A pip or uv package upgrade does **not** refresh the installed global `SKILL.md`. Existing installations must also copy the packaged skill into their Codex home. Run this with Python from the upgraded installation (for uv, use `uv run --with codex-auto-compute==0.1.6 python` in place of `python3`). It backs up an existing skill before replacing it:

```sh
python3 - <<'PY'
from importlib.resources import as_file, files
from pathlib import Path
import os
import shutil
import uuid

home = Path(os.environ.get("CODEX_HOME", "~/.codex")).expanduser()
target = home / "skills" / "auto-compute" / "SKILL.md"
source = files("codex_auto_compute").joinpath("skill", "SKILL.md")
with as_file(source) as packaged_skill:
    target.parent.mkdir(parents=True, exist_ok=True)
    if target.exists():
        backup = target.with_name(f"SKILL.md.backup-{uuid.uuid4().hex}")
        shutil.copy2(target, backup)
        print(f"Backup: {backup}")
    shutil.copyfile(packaged_skill, target)
print(f"Updated: {target}")
PY
codex-auto-compute doctor
```

Start a fresh Codex session to use the updated skill.

## See what ran

```sh
codex-auto-compute status
codex-auto-compute tui
```

`tui` opens a read-only, automatically refreshing terminal screen. Use up/down to choose a session, left/right to inspect worker phases, `r` to refresh, and `q` to quit. Run it in a terminal beside Codex CLI; Codex's own chat screen cannot embed another terminal application. `status` prints the latest recorded session when you need plain output. Both commands support `--ledger /path/to/ledger.jsonl` for a disposable fixture.

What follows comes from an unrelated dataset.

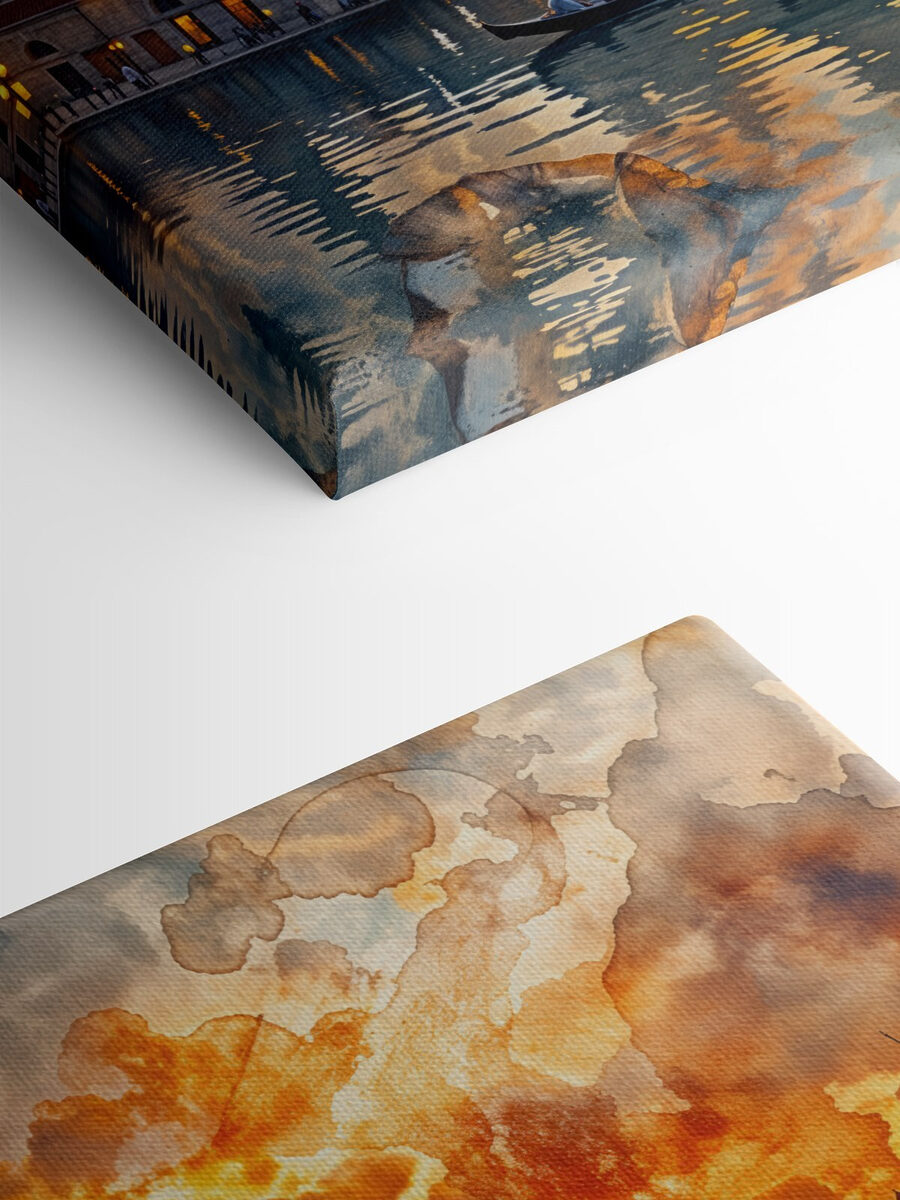 Przekształć dowolną ścianę w spokojną ucieczkę dzięki temu hipnotyzującemu wydrukowi na płótnie. Malownicza scena przedstawia spokojne wody odbijające oszałamiający zachód słońca i uroczą architekturę. Wyobraź sobie delikatne dźwięki płynącej łodzi, być może odległy śmiech lub delikatny plusk wioseł w wodzie. To prawie jak zaproszenie kawałka magii podróży do swojego domu. Idealny do stworzenia spokojnej atmosfery, ten obraz zachęca do marzeń o nadmorskich spacerach i spokojnych chwilach nad wodą. To zachwycający dodatek, który pobudza do rozmowy i daje poczucie spokoju. Kto nie chciałby mieć odrobiny spokoju w swoim domu?

## Model and telemetry changes

```sh
codex-auto-compute doctor
codex-auto-compute refresh
```

The TUI checks the live Codex model catalog on launch and every five minutes, and labels the age of its ledger. `doctor` reports missing models or effort settings. `refresh` preserves valid pins, selects a successor only when the catalog clearly identifies the same role, runs a small direct CLI smoke check for each new pin, backs up managed files, then updates only those pins. It refuses edited agent files and separate main-model overrides. New custom-agent pins remain explicitly **unverified** until a fresh worker phase confirms runtime metadata; restart Codex after a refresh. A catalog with no clear successor blocks routing instead of guessing. New model releases do not automatically replace working pins.

The coordinator skill instructs Codex to run the catalog check before its first worker launch in a fresh session and invoke `refresh` when a pin has disappeared. This is instruction-driven, so `doctor` is also available as a deterministic CLI check. A changed pin is used only in a new session. The refresh probe verifies the **observed** direct CLI model and effort from Codex's runtime record; the subsequent custom-agent invocation still needs its own runtime match.

This handles routine name changes without a hardcoded model-version list. It cannot guarantee compatibility with an undocumented future catalog or hook schema. Missing runtime telemetry is reported as unknown, and old ledger entries are labeled historical rather than live.

The views show requested or observed model and effort, objective check labels, available token totals, and clear unknowns. The main chat's token total includes worker usage; do not add it to worker totals. The ledger is local at `~/.codex/auto-compute/ledger/ledger.jsonl` and excludes raw task text.

Codex rollout record structure is not a stable public API. Verify after Codex updates. Hook coverage is best effort, and this package has not been tested on another user's machine. The source is available under the MIT license.